## [PROBLEM TO WORK ON]
Starting with the line that has "Mix lemon juice, vanillin" and finishing with the line that has "在蔡司官方、云南艾維眼科各級", set down each line below exactly. Pictures are not copied.

## [RECORDED DATA]
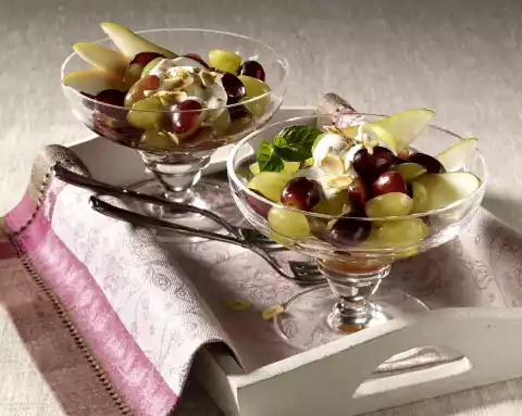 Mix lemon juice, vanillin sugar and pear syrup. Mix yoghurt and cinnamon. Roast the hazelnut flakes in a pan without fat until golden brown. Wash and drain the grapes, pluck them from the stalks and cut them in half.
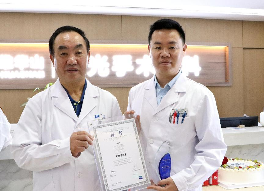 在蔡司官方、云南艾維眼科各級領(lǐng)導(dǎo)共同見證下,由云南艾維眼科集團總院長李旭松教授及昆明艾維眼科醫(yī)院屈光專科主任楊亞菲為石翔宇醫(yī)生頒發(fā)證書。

* * *

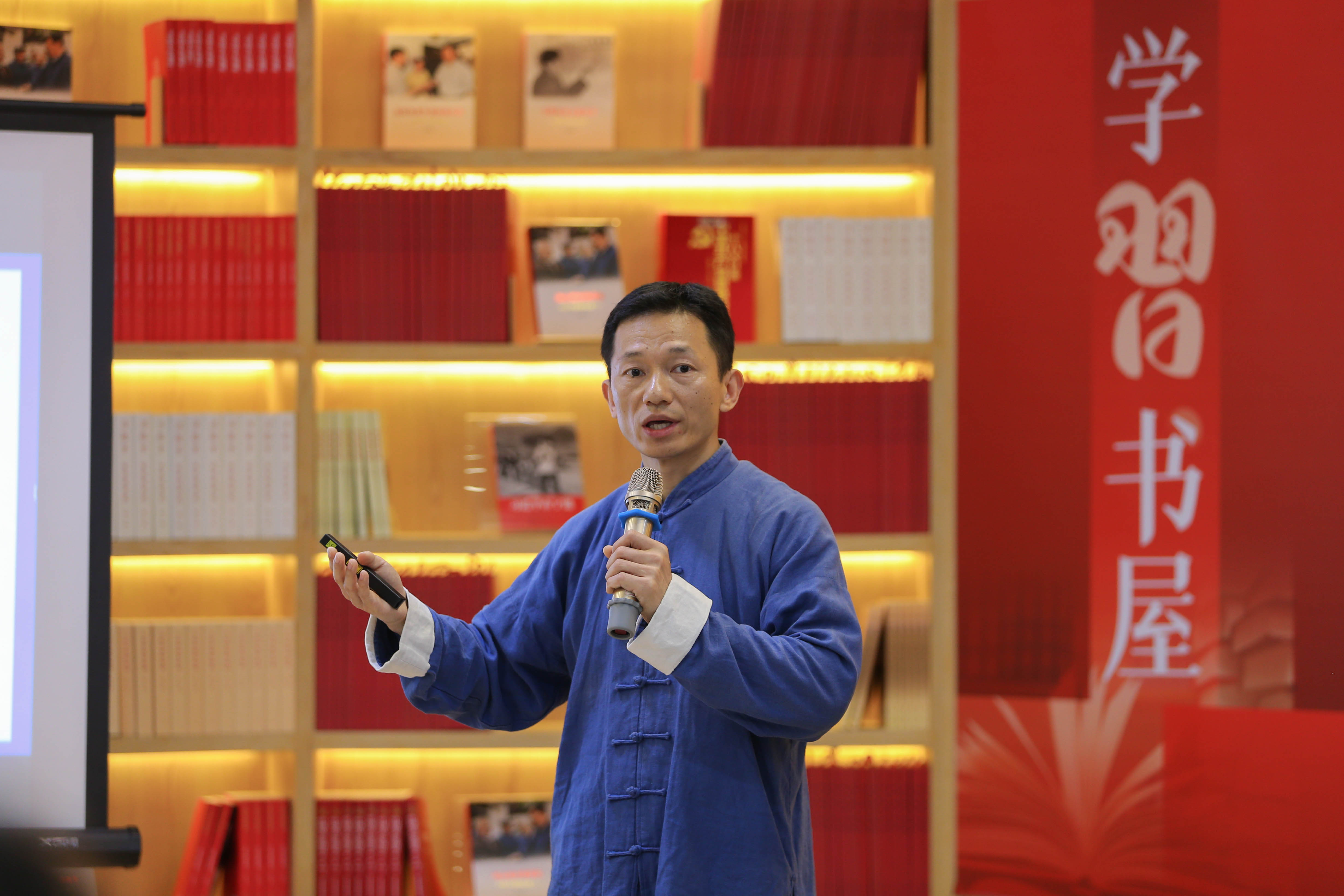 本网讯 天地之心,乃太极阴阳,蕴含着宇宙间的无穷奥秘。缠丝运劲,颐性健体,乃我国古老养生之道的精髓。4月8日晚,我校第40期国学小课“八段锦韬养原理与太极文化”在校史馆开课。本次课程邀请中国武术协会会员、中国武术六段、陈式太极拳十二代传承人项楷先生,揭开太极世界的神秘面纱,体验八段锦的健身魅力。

## [ANSWER FOR THE TASK]
 Mix lemon juice, vanillin sugar and pear syrup. Mix yoghurt and cinnamon. Roast the hazelnut flakes in a pan without fat until golden brown. Wash and drain the grapes, pluck them from the stalks and cut them in half.
 在蔡司官方、云南艾維眼科各級領(lǐng)導(dǎo)共同見證下,由云南艾維眼科集團總院長李旭松教授及昆明艾維眼科醫(yī)院屈光專科主任楊亞菲為石翔宇醫(yī)生頒發(fā)證書。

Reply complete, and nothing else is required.